[Records from a collection]
◆ ◆ ◆ ◆ ◆
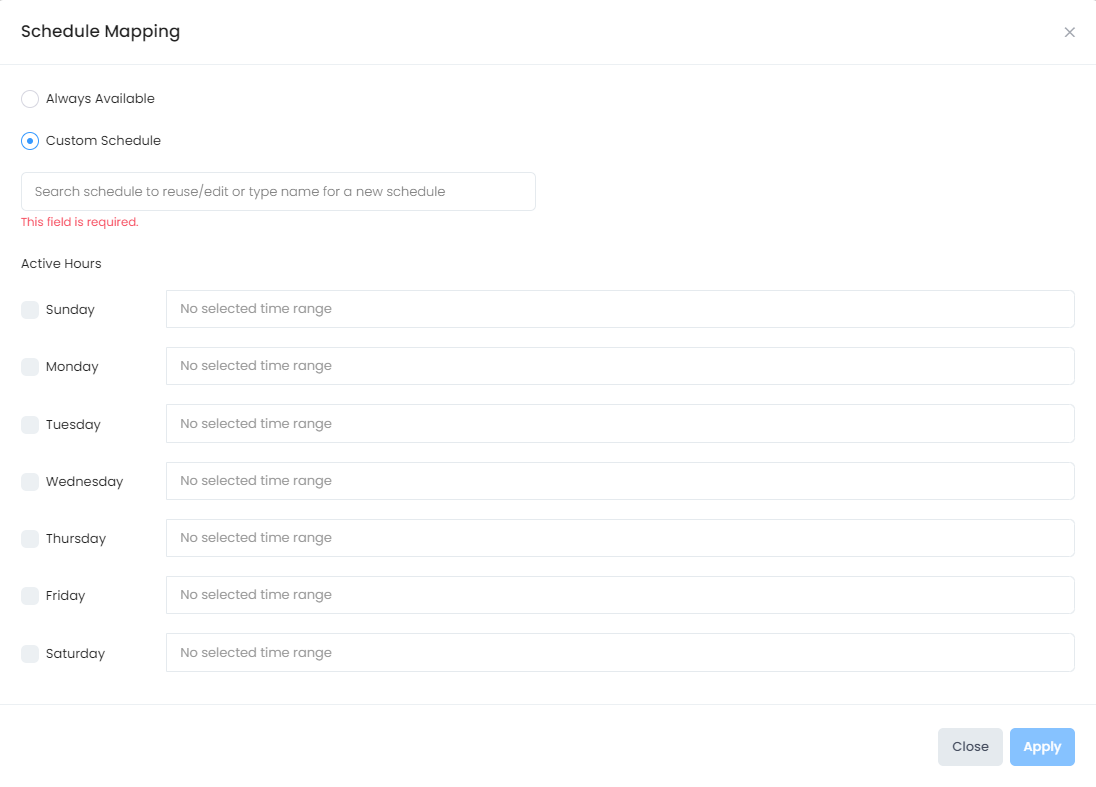 Custom Schedule - Define specific days/times during which the SSID network is available to clients.
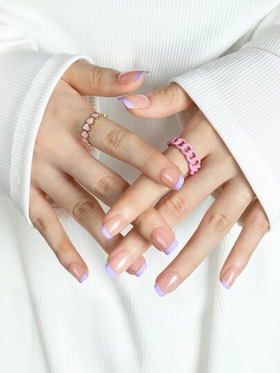 24pcs Short Square Fake Nail & 1pc Nail File & 1sheet Tape - Purple - View 1
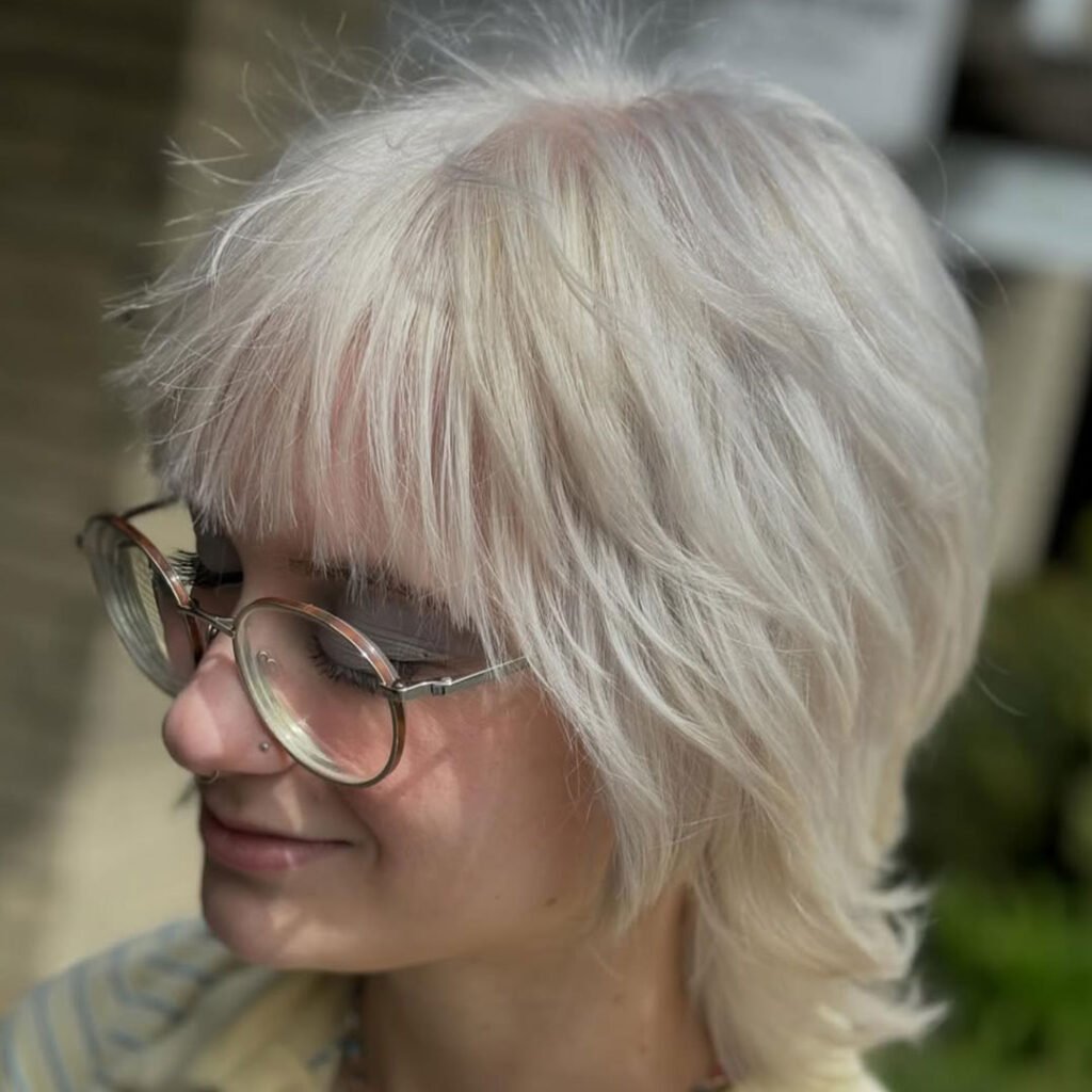 The silver blonde shag with bangs is a bold and modern hairstyle that stands out with its cool-toned color and layered texture. The bangs add a touch of mystery while blending seamlessly into the shag’s tousled layers. This haircut works wonderfully with medium to thick hair, adding softness and movement.
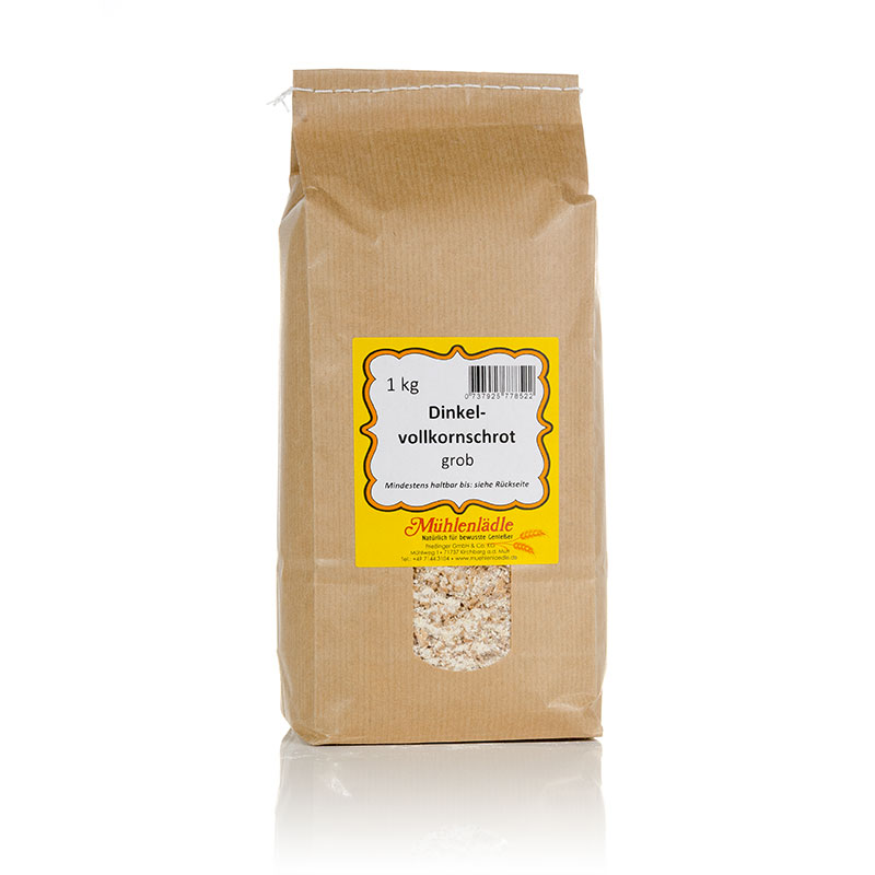 Unser Dinkelvollkornschrot grob – grob zerkleinertes Erzeugnis aus dem ganzen Dinkelkorn, inklusive Schale, Keimling und Mehlkörper. Ideal zum Backen von Vollkorn- und Körnerbroten, für Getreidebreie oder als Zutat für Müslis. Rustikaler Biss, hoher Ballaststoffgehalt und ein nussig, leicht süßlicher Geschmack!
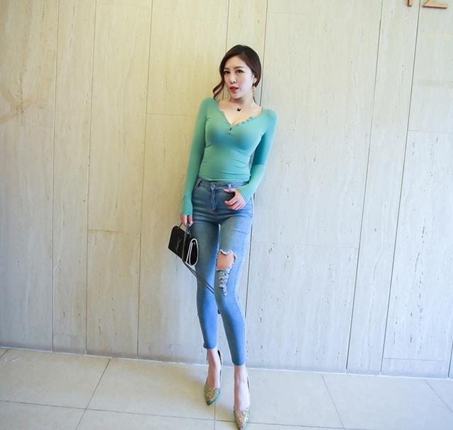 此时再带上一个黑色皮包外出逛街,那效果非常的不一般,整体搭配不仅能够让人感觉舒适,关键是能够将你自身的优势完全的展现出来,想不引人关注都不行,同时,脚上的高跟鞋选色也选择跟上衣T恤一样的颜色,相互呼应,效果非常的不一般。
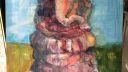 dans le cas qui nous intéresse, le genoux gauche est en pleine lumière, j'ai donc foncé un peu plus le ciel avec de l'outremer et le sol avec un rouge primaire sur le vert; le côté droit (à gauche sur le tableau) est légèrement à l'ombre, j'ai donc laissé le ciel et le sol plus clair …
◆ ◆ ◆ ◆ ◆
Aim of the task – Restate word for word the lines running from the one with "此时再带上一个黑色皮包外出逛" to the end of the entries; pictures are to be left out.

Output below –
 此时再带上一个黑色皮包外出逛街,那效果非常的不一般,整体搭配不仅能够让人感觉舒适,关键是能够将你自身的优势完全的展现出来,想不引人关注都不行,同时,脚上的高跟鞋选色也选择跟上衣T恤一样的颜色,相互呼应,效果非常的不一般。
 dans le cas qui nous intéresse, le genoux gauche est en pleine lumière, j'ai donc foncé un peu plus le ciel avec de l'outremer et le sol avec un rouge primaire sur le vert; le côté droit (à gauche sur le tableau) est légèrement à l'ombre, j'ai donc laissé le ciel et le sol plus clair …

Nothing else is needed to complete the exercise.